我有一个 pyspark.sql.dataframe.DataFrame,如下所示

df.show()
+--------------------+----+----+---------+----------+---------+----------+---------+
|                  ID|Code|bool|      lat|       lon|       v1|        v2|       v3|
+--------------------+----+----+---------+----------+---------+----------+---------+
|5ac52674ffff34c98...|IDFA|   1|42.377167| -71.06994|17.422535|1525319638|36.853622|
|5ac52674ffff34c98...|IDFA|   1| 42.37747|-71.069824|17.683573|1525319639|36.853622|
|5ac52674ffff34c98...|IDFA|   1| 42.37757| -71.06942|22.287935|1525319640|36.853622|
|5ac52674ffff34c98...|IDFA|   1| 42.37761| -71.06943|19.110023|1525319641|36.853622|
|5ac52674ffff34c98...|IDFA|   1|42.377243| -71.06952|18.904774|1525319642|36.853622|
|5ac52674ffff34c98...|IDFA|   1|42.378254| -71.06948|20.772903|1525319643|36.853622|
|5ac52674ffff34c98...|IDFA|   1| 42.37801| -71.06983|18.084948|1525319644|36.853622|
|5ac52674ffff34c98...|IDFA|   1|42.378693| -71.07033| 15.64326|1525319645|36.853622|
|5ac52674ffff34c98...|IDFA|   1|42.378723|-71.070335|21.093477|1525319646|36.853622|
|5ac52674ffff34c98...|IDFA|   1| 42.37868| -71.07034|21.851894|1525319647|36.853622|
|5ac52674ffff34c98...|IDFA|   1|42.378716| -71.07029|20.583202|1525319648|36.853622|
|5ac52674ffff34c98...|IDFA|   1| 42.37872| -71.07067|19.738768|1525319649|36.853622|
|5ac52674ffff34c98...|IDFA|   1|42.379112| -71.07097|20.480911|1525319650|36.853622|
|5ac52674ffff34c98...|IDFA|   1| 42.37952|  -71.0708|20.526752|1525319651| 44.93808|
|5ac52674ffff34c98...|IDFA|   1| 42.37902| -71.07056|20.534052|1525319652| 44.93808|
|5ac52674ffff34c98...|IDFA|   1|42.380203|  -71.0709|19.921381|1525319653| 44.93808|
|5ac52674ffff34c98...|IDFA|   1| 42.37968|-71.071144| 20.12599|1525319654| 44.93808|
|5ac52674ffff34c98...|IDFA|   1|42.379696| -71.07114|18.760069|1525319655| 36.77853|
|5ac52674ffff34c98...|IDFA|   1| 42.38011| -71.07123|19.155525|1525319656| 36.77853|
|5ac52674ffff34c98...|IDFA|   1| 42.38022|  -71.0712|16.978994|1525319657| 36.77853|
+--------------------+----+----+---------+----------+---------+----------+---------+
only showing top 20 rows

如果尝试count

%%time
df.count()

CPU times: user 4 ms, sys: 0 ns, total: 4 ms
Wall time: 28.1 s

30241272

现在如果我取df的一个子集,计算的时间会更长.

now if I take a subset of df the time to count is even longer.

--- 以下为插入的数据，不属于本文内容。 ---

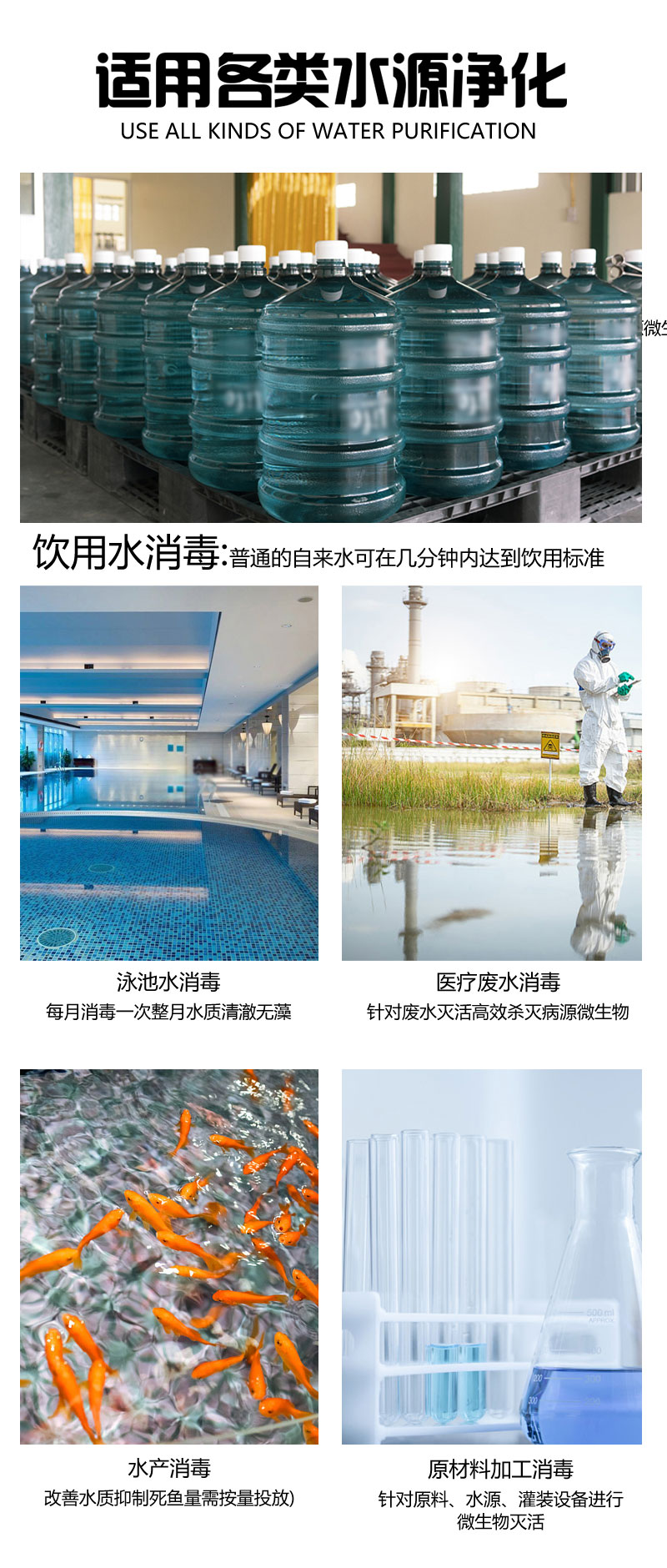 產(chǎn)品廣泛應(yīng)用于水產(chǎn)養(yǎng)殖,工廠污水處理,純凈水/自來(lái)水/飲用水凈化,車間廢氣處理,醫(yī)用污水處理,游泳池凈化,畜牧水產(chǎn)養(yǎng)殖,農(nóng)業(yè)灌溉

id0 = df.first().ID  ## First ID
tmp = df.filter( (df['ID'] == id0) )

%%time
tmp.count()

CPU times: user 12 ms, sys: 0 ns, total: 12 ms
Wall time: 1min 33s
Out[6]:
3299

推荐答案

你的问题很复杂也很棘手..

Your question is very ingesting and tricky..

为了重现您的行为,我使用大型数据集进行了测试.

I tested with a large dataset in order to reproduce your behavior.

我在一个大型数据集中测试了以下两种情况:

I tested the following two cases in a large dataset:

# Case 1
df.count() # Execution time: 37secs

# Case 2
df.filter((df['ID'] == id0)).count() #Execution time: 1.39 min

说明

让我们看看只有 .count() 的物理计划:

== Physical Plan ==
*(2) HashAggregate(keys=[], functions=[count(1)], output=[count#38L])
+- Exchange SinglePartition
   +- *(1) HashAggregate(keys=[], functions=[partial_count(1)], output=[count#41L])
      +- *(1) FileScan csv [] Batched: false, Format: CSV, Location: InMemoryFileIndex[file:...], PartitionFilters: [], PushedFilters: [], ReadSchema: struct<>

让我们用 .filter().count() 查看物理计划:

Lets see the physical plan with .filter() and then .count():

== Physical Plan ==
*(2) HashAggregate(keys=[], functions=[count(1)], output=[count#61L])
+- Exchange SinglePartition
   +- *(1) HashAggregate(keys=[], functions=[partial_count(1)], output=[count#64L])
      +- *(1) Project
         +- *(1) Filter (isnotnull(ID#11) && (ID#11 = Muhammed MacIntyre))
            +- *(1) FileScan csv [ID#11] Batched: false, Format: CSV, Location: InMemoryFileIndex[file:...], PartitionFilters: [], PushedFilters: [IsNotNull(ID), EqualTo(ID,Muhammed MacIntyre)], ReadSchema: struct<_c1:string>

通常,Spark 在计算行数时映射 count=1 的行,并减少所有映射器以创建最终的行数.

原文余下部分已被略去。